## Brief
After locating the line with "Korteris on kaks" in the entries below, output it and each following line up to and including the line with "算数の時間。すでに考え方が頭", exactly and without pictures.

## Recorded information
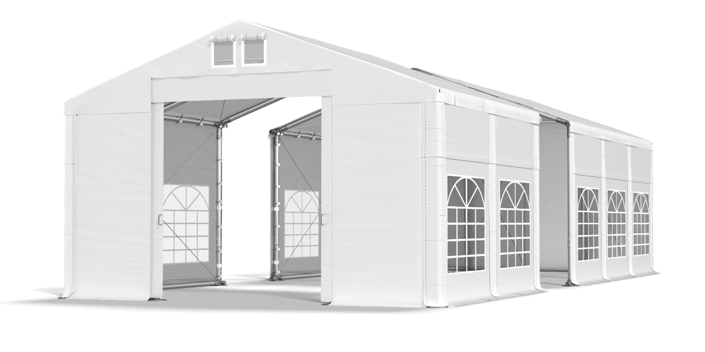Trwała plandeka z oknami witrażowymi, chroni stoły i bufety przed wilgocią, wiatrem i promieniowaniem UV. Poszycie zbudowane jest z mocnego PVC. Eleganckie okna witrażowe są ozdobą namiotu imprezowego, a dodatkowo zapewniają dużo naturalnego światła. Trudnopalne poszycie zwiększa bezpieczeństwo podczas używania namiotu w celach gastronomicznych i cateringowych. Plandeka posiada system szybkiej zmiany długości Multi-size.
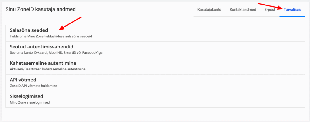 Salasõna seadete alt on võimalik ka salasõnaga sisselogimine keelata või lubada juhul, kui oled ZoneID kontoga sidunud ka mõne isikukoodipõhise autentimisvahendi.
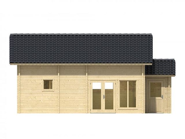 - Двери, со стеклопакетом или цельное дерево (в зависимости от модели), порожек покрыт нержавейкой или алюминием, м, с замком и ручками, вкл. внутренние и внешние наличники.
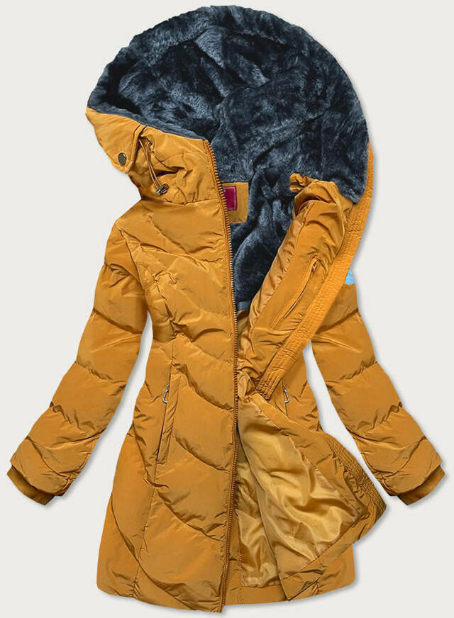 Žlutá dámská zimní bunda s kapucí (m-21306) i
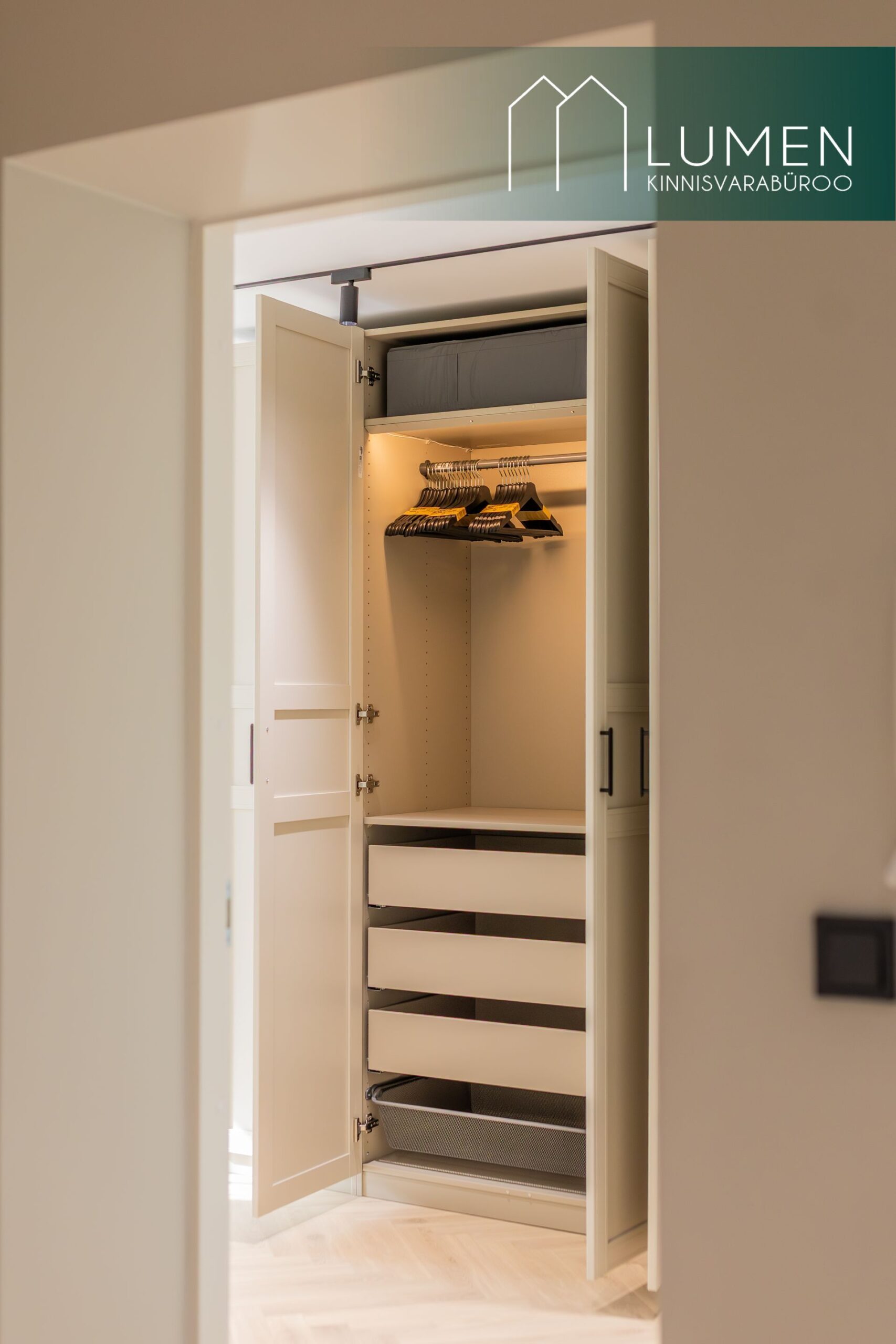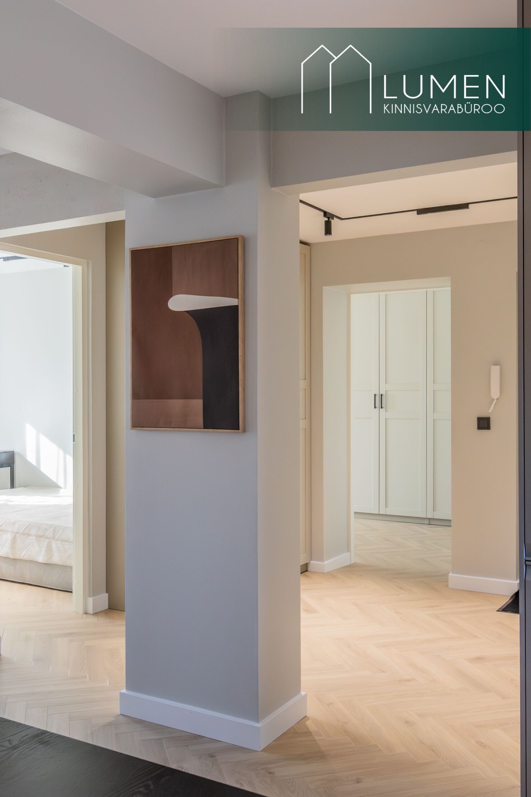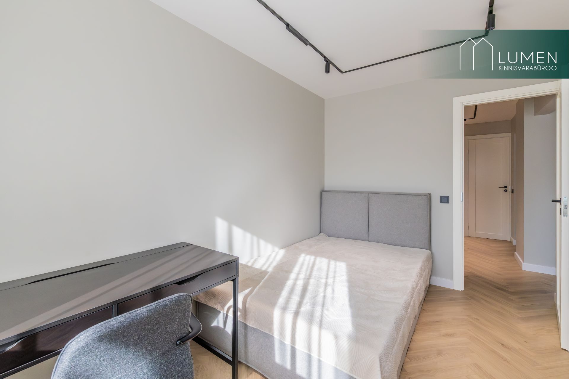 Korteris on kaks hubast magamistubam millest üks on rõduga ning lisaväärtusena eraldi tuba, mida saab kasutada stiilse kodukontori või mahuka garderoobina. Suur esik koos sisseehitatud garderoobiga pakub praktilist lahendust igapäevaseks mugavuseks. WC ja vannituba on viimistletud kaasaegses võtmes, kus kvaliteetsed materjalid ja puhas disain loovad rahuliku keskkonna.
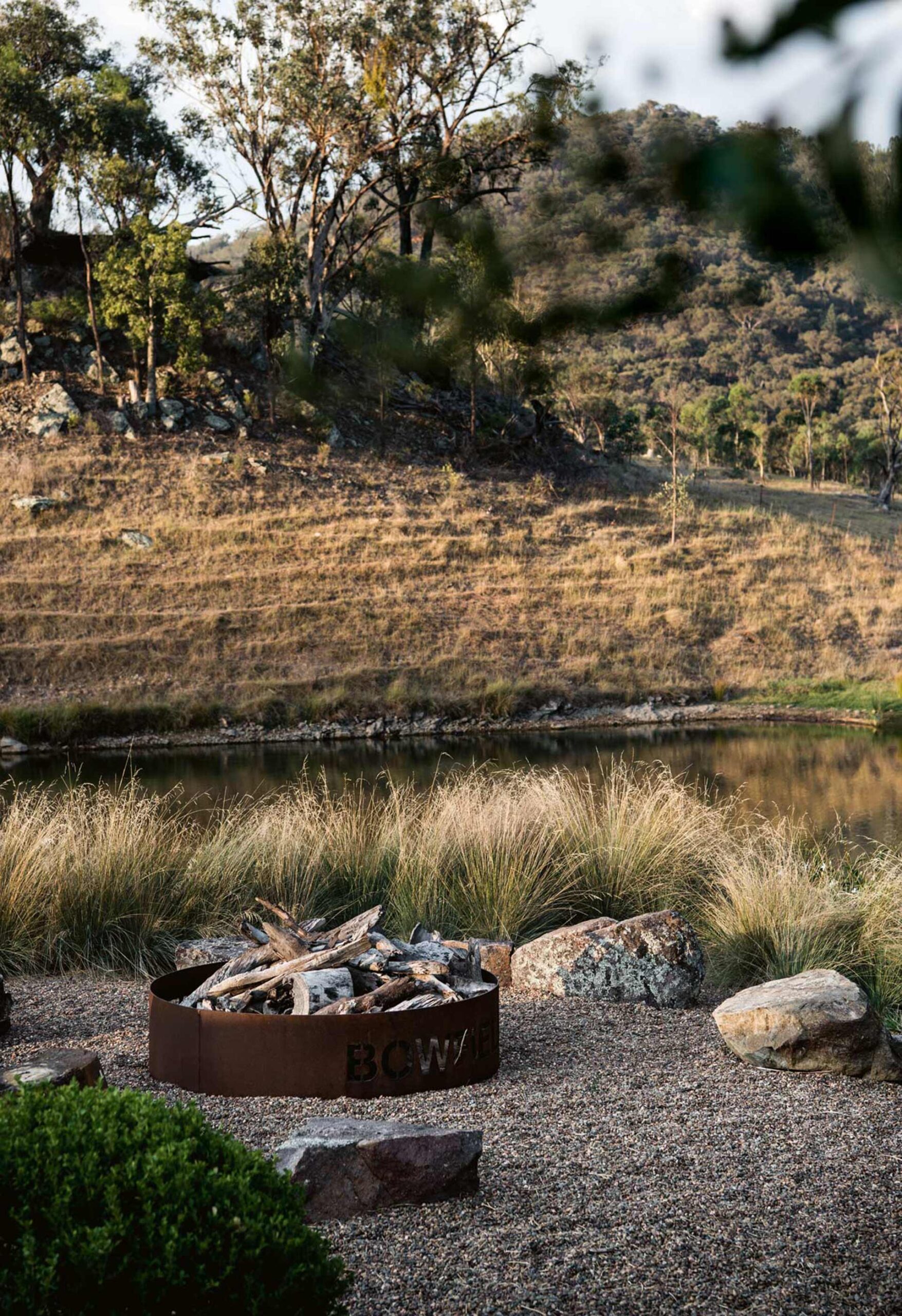A trio of country cottages were joined together to create the incredible Bowfield abode. Making its home on the generous acreage, this fire pit has “Bowfield” laser cut into its side, adding a truly personalised touch to the entertaining zone.
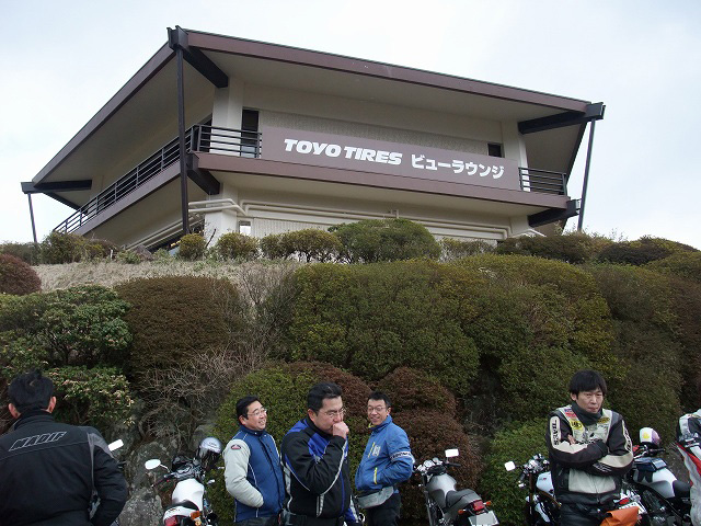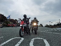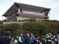 | 寒い寒いと思いながら駆け上がっていくと、 なんと、大観山に辿り着く少し前あたりから、雪がチラついてきた! 気温は1℃。走行動画を撮影するためにtoto氏がハンドルにマウントしていたデジカメが、 勝手に電源offになっちまうほどの寒さ。 (リチウム電池は寒さに弱く、1℃以下ではまともに仕事しないそうです) |
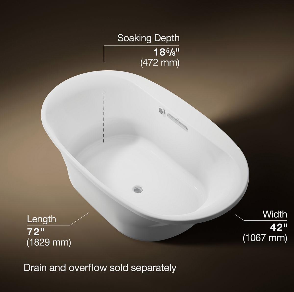 - Slotted overflow allows for deep soaking.
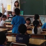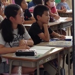 算数の時間。すでに考え方が頭にあるらしく、他の子の発表を聞いていろんな反応してる。
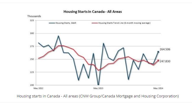 Increase driven by multi-unit construction in major cities The total monthly seasonally adjusted annual rate (SAAR) of housing starts for all areas in Canada increased 10 per cent in May (264,506 units) compared to April (241,111), according to Canada Mortgage and Housing Corporation (CMHC). ¡°The focus for homebuilders remains on multi-unit construction in Canada¡¯s major centres as both the SAAR and Trend of housing starts increased in May, following two consecutive months of decline. This was due to growth in actual year-over-year starts, driven by significantly higher multi-unit starts, particularly in Montreal and Quebec. While this is good news for housing supply, we do expect downward pressure on starts through the rest of 2024,¡± said Bob Dugan, CMHC¡¯s chief economist. The six-month trend in housing starts increased 3.8 per cent from 238,859 units in April to 247,830 units in May. The trend measure is a six-month moving average of the SAAR of total housing starts for all areas in Canada. The actual number of housing starts across Canada in urban centres of 10,000 population and over was up 39 per cent to 21,652 units in May compared to 15,606 units in May 2023. The year-over-year increase was driven by higher multi-unit starts, up 49% and higher single-detached starts, up 6%. May¡¯s total actual housing starts were higher in two of Canada¡¯s three major cities, with Toronto up 26% and Montr¨¦al up 200% compared to May a year ago. Vancouver declined 13%. Montreal¡¯s total starts result was driven by a 59% increase in single-detached starts and a 218% increase in multi-unit starts versus May 2023. Source: CMHC |
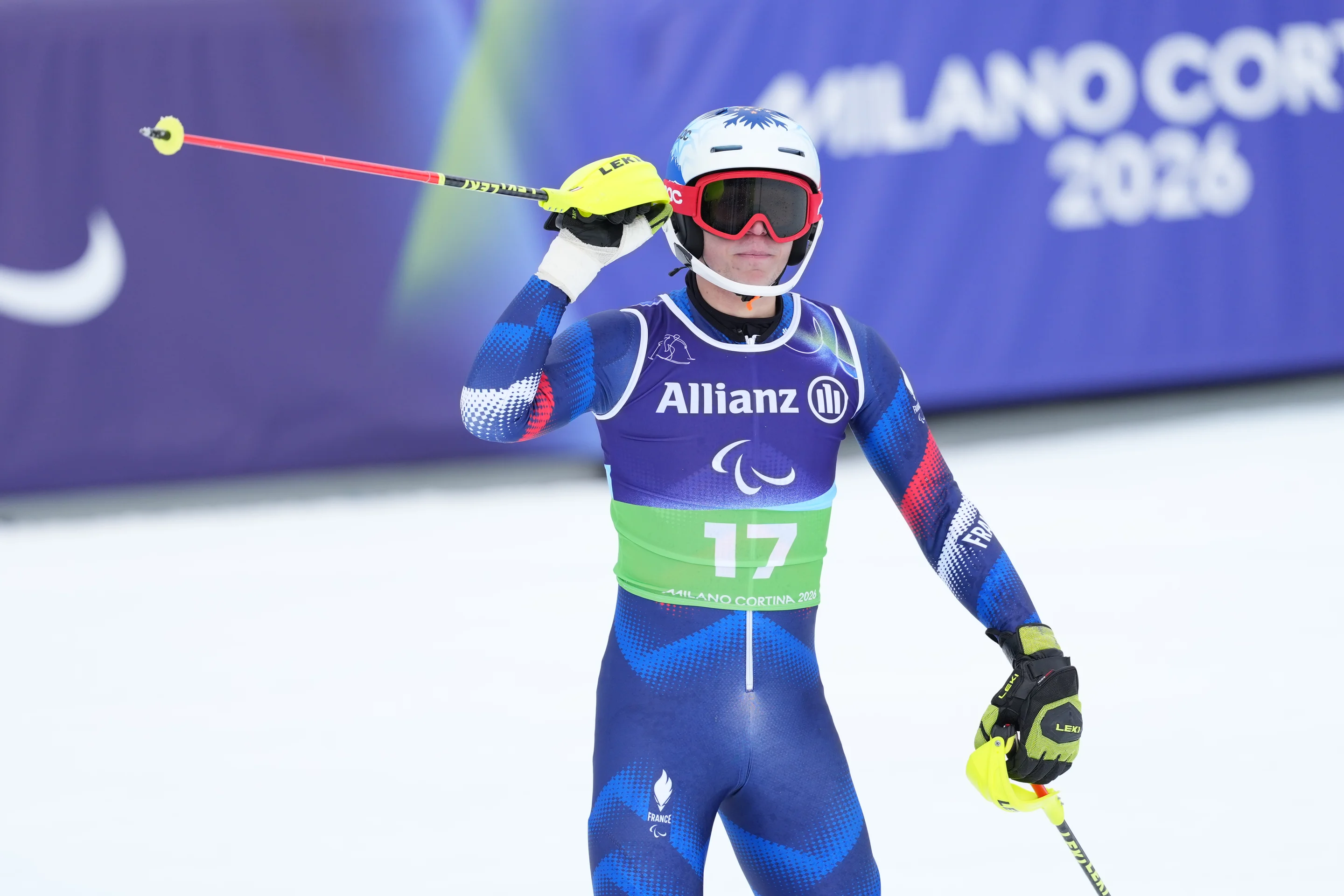 Speed double winner Robin Cuche had a DNF, collecting a gate before falling on his inside ski. Bugaev had to abandon his run with the double gold medalist still down on the course, before the Swiss eventually rose after treatment on his knee. The Russian was supremely quick on the rerun, taking the lead by one and a quarter seconds from Grochar, and had a third Paralympic Combined title in his grasp before coming to grief around 12 gates from home.
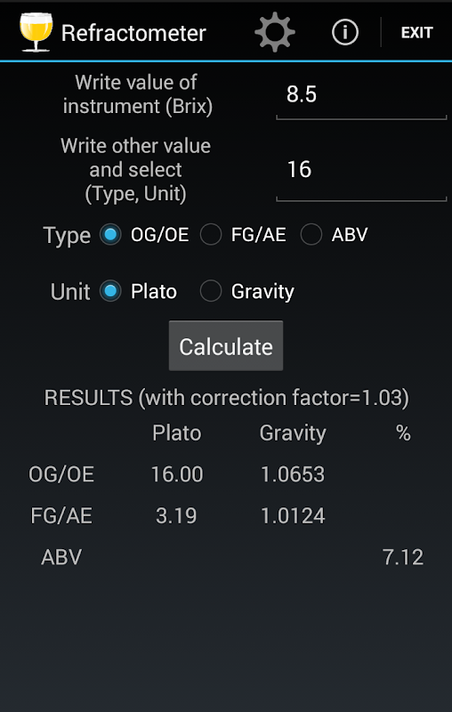 एप्लिकेशन को कुछ अलग और स्वतंत्र वर्गों, अलग अलग गणना, विशेष रूप से रंग, कड़वाहट के विषय में हर एक, और शक्ति (गुरुत्वाकर्षण और अटल बिहारी वाजपेयी) हाइड्रोमीटर और refractometer का उपयोग कर के होते हैं। हर खंड इसके स्वयं सहायता पृष्ठ और विभिन्न कार्यों का स्पष्टीकरण दिया है।

## Result of the exercise
 Korteris on kaks hubast magamistubam millest üks on rõduga ning lisaväärtusena eraldi tuba, mida saab kasutada stiilse kodukontori või mahuka garderoobina. Suur esik koos sisseehitatud garderoobiga pakub praktilist lahendust igapäevaseks mugavuseks. WC ja vannituba on viimistletud kaasaegses võtmes, kus kvaliteetsed materjalid ja puhas disain loovad rahuliku keskkonna.
A trio of country cottages were joined together to create the incredible Bowfield abode. Making its home on the generous acreage, this fire pit has “Bowfield” laser cut into its side, adding a truly personalised touch to the entertaining zone.
 | 寒い寒いと思いながら駆け上がっていくと、 なんと、大観山に辿り着く少し前あたりから、雪がチラついてきた! 気温は1℃。走行動画を撮影するためにtoto氏がハンドルにマウントしていたデジカメが、 勝手に電源offになっちまうほどの寒さ。 (リチウム電池は寒さに弱く、1℃以下ではまともに仕事しないそうです) |
 - Slotted overflow allows for deep soaking.
 算数の時間。すでに考え方が頭にあるらしく、他の子の発表を聞いていろんな反応してる。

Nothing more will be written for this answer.